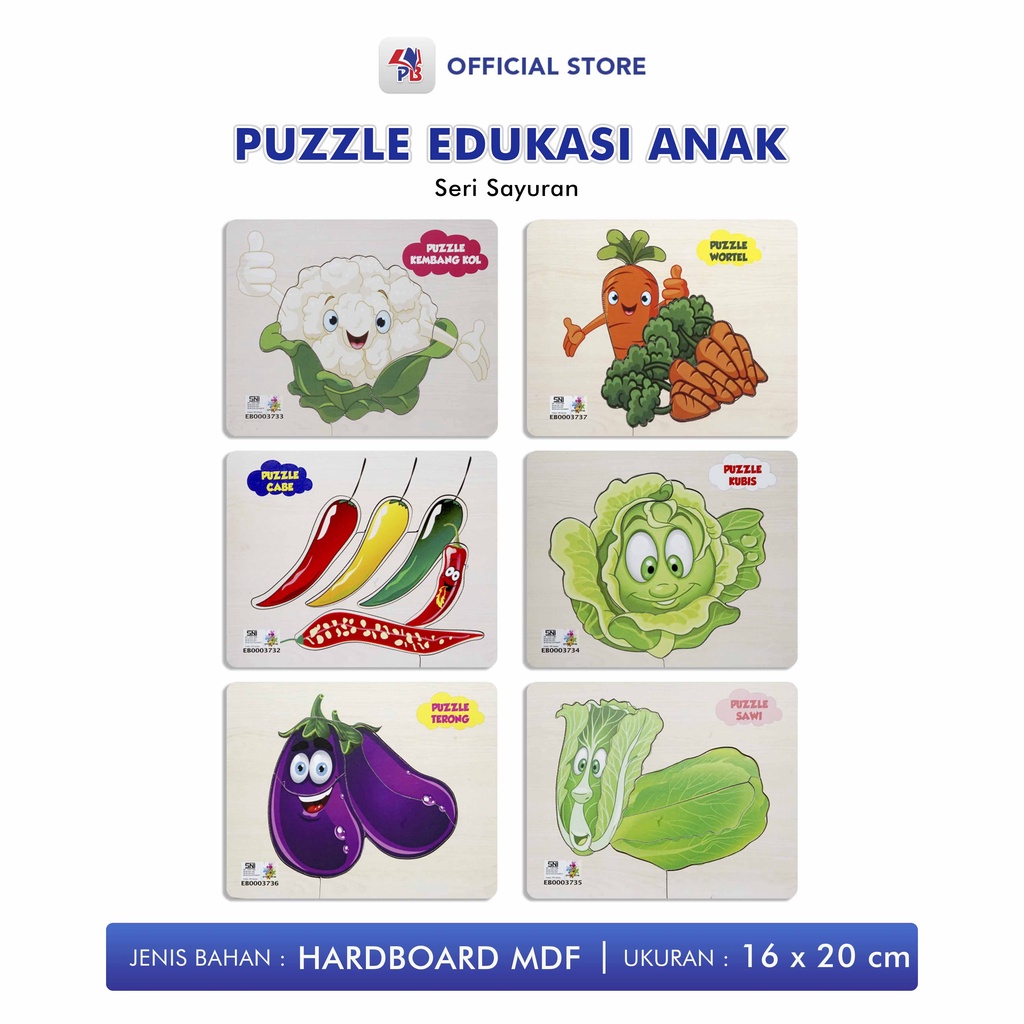 Puzzle Edukasi Anak / Puzzle Kayu / Puzzle Anak Puzzle Sayur Sawi Terong Kubis Kembang Kol / King Puzzle Edukasi - EB
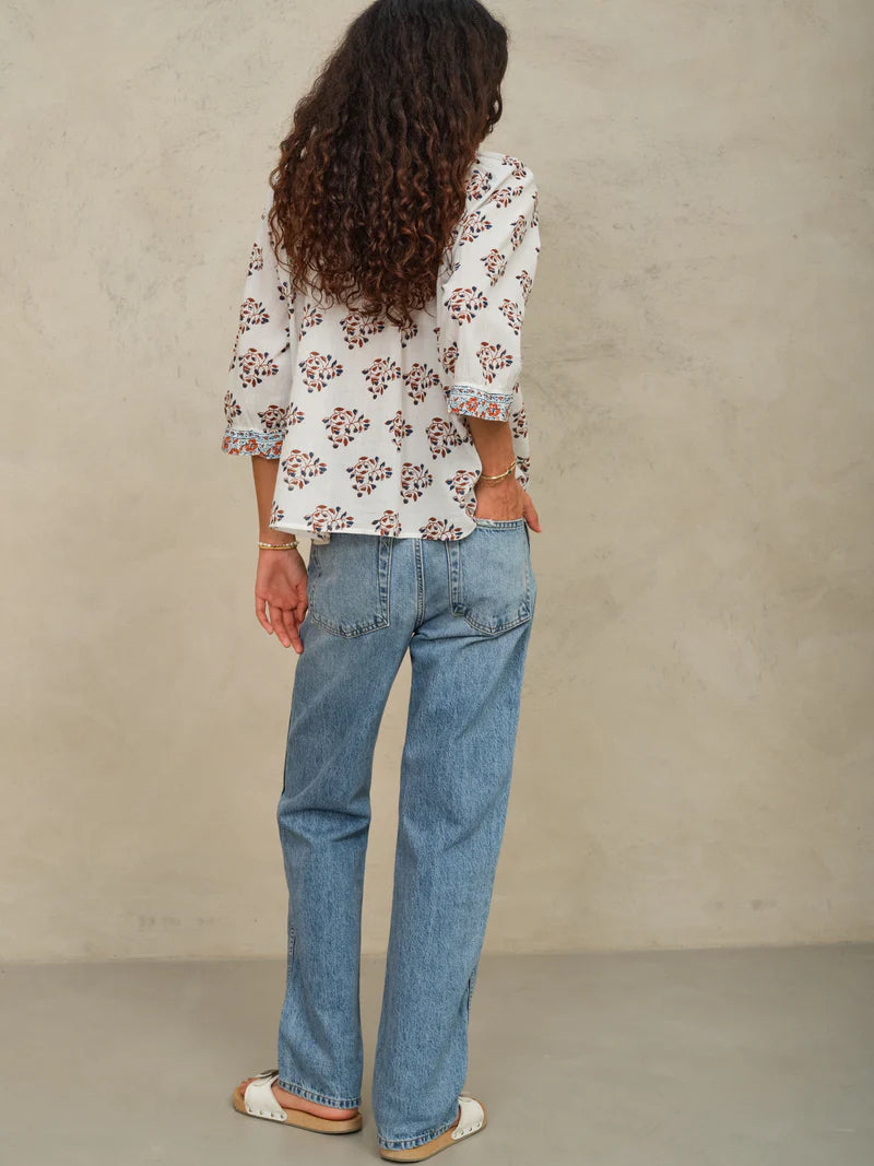 Blusen er fremstillet i en let og åndbar bomuldskvalitet, der giver et blødt og luftigt fald. Det dekorative blockprint med kontrastdetaljer tilfører dybde og et håndværksinspireret look, som gør hver style unik. M.A.B.E er kendt for netop deres fokus på print, farver og detaljer med inspiration fra bl.a. traditionelle tekstiler og håndværk
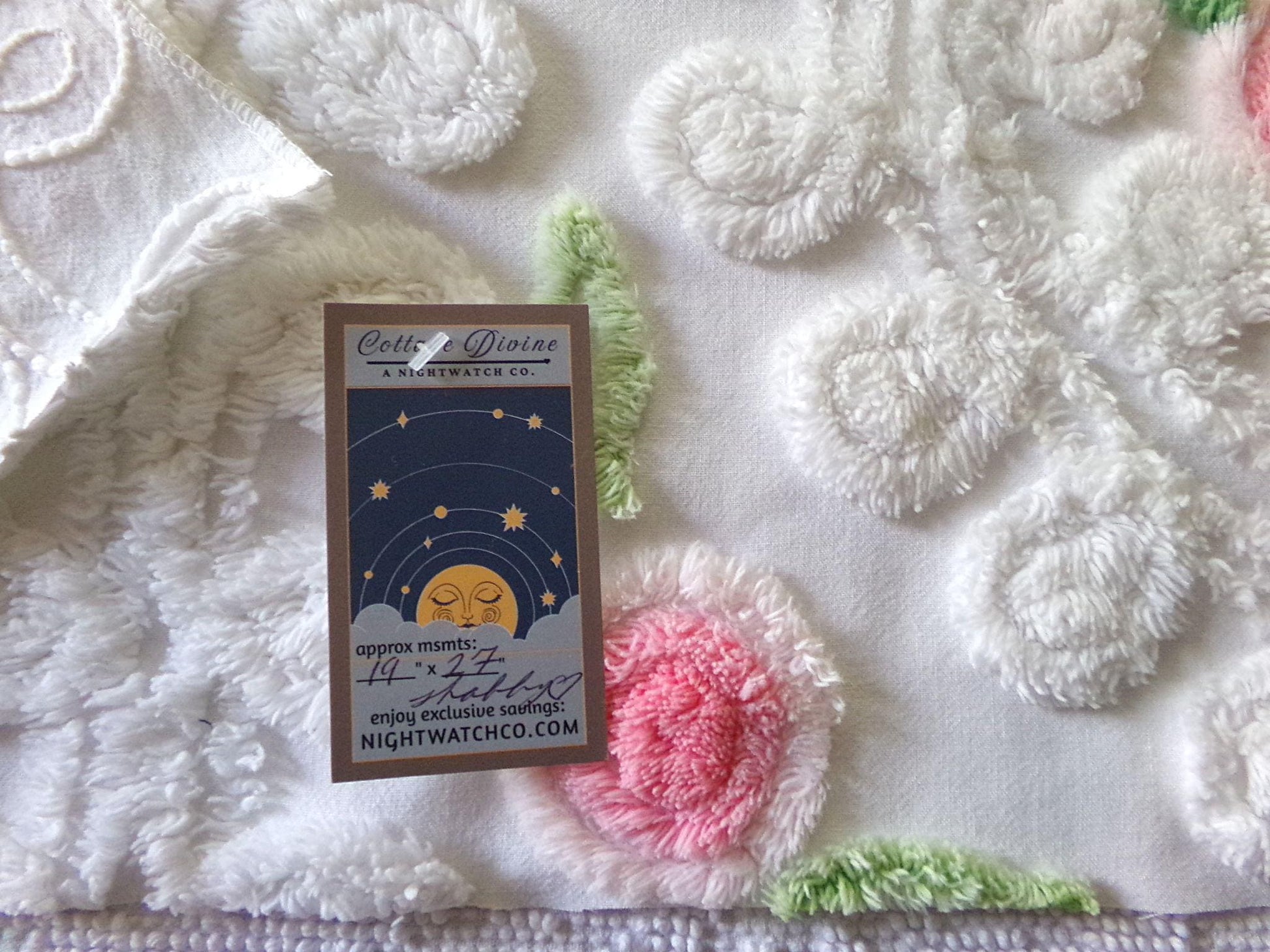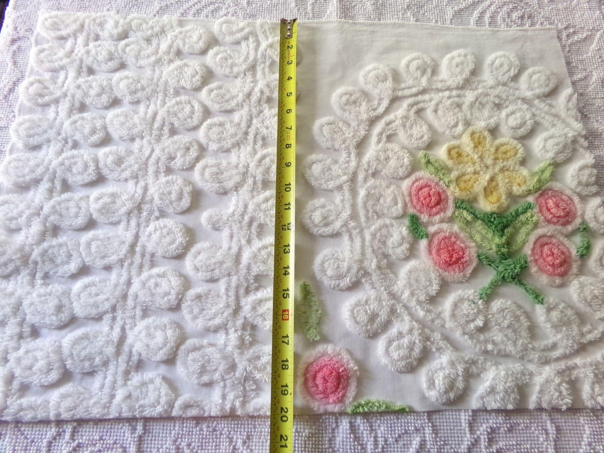 What a beautiful piece of vintage chenille fabric, in a white "bridal cake" floral design which presents tufts of swirling white curlicues that emphasize an offset floral motif with four pink rosettes & a yellow daisy flower.Measures 19" x 27" inches. 100% cotton. Few minor pinholes & skipped tufts, common to this design (final img).

- **WHAT YOU HAVE TO DO**: Restate the full listing word for word, excluding images.

- **RESULT**:
 Puzzle Edukasi Anak / Puzzle Kayu / Puzzle Anak Puzzle Sayur Sawi Terong Kubis Kembang Kol / King Puzzle Edukasi - EB
 Blusen er fremstillet i en let og åndbar bomuldskvalitet, der giver et blødt og luftigt fald. Det dekorative blockprint med kontrastdetaljer tilfører dybde og et håndværksinspireret look, som gør hver style unik. M.A.B.E er kendt for netop deres fokus på print, farver og detaljer med inspiration fra bl.a. traditionelle tekstiler og håndværk
 What a beautiful piece of vintage chenille fabric, in a white "bridal cake" floral design which presents tufts of swirling white curlicues that emphasize an offset floral motif with four pink rosettes & a yellow daisy flower.Measures 19" x 27" inches. 100% cotton. Few minor pinholes & skipped tufts, common to this design (final img).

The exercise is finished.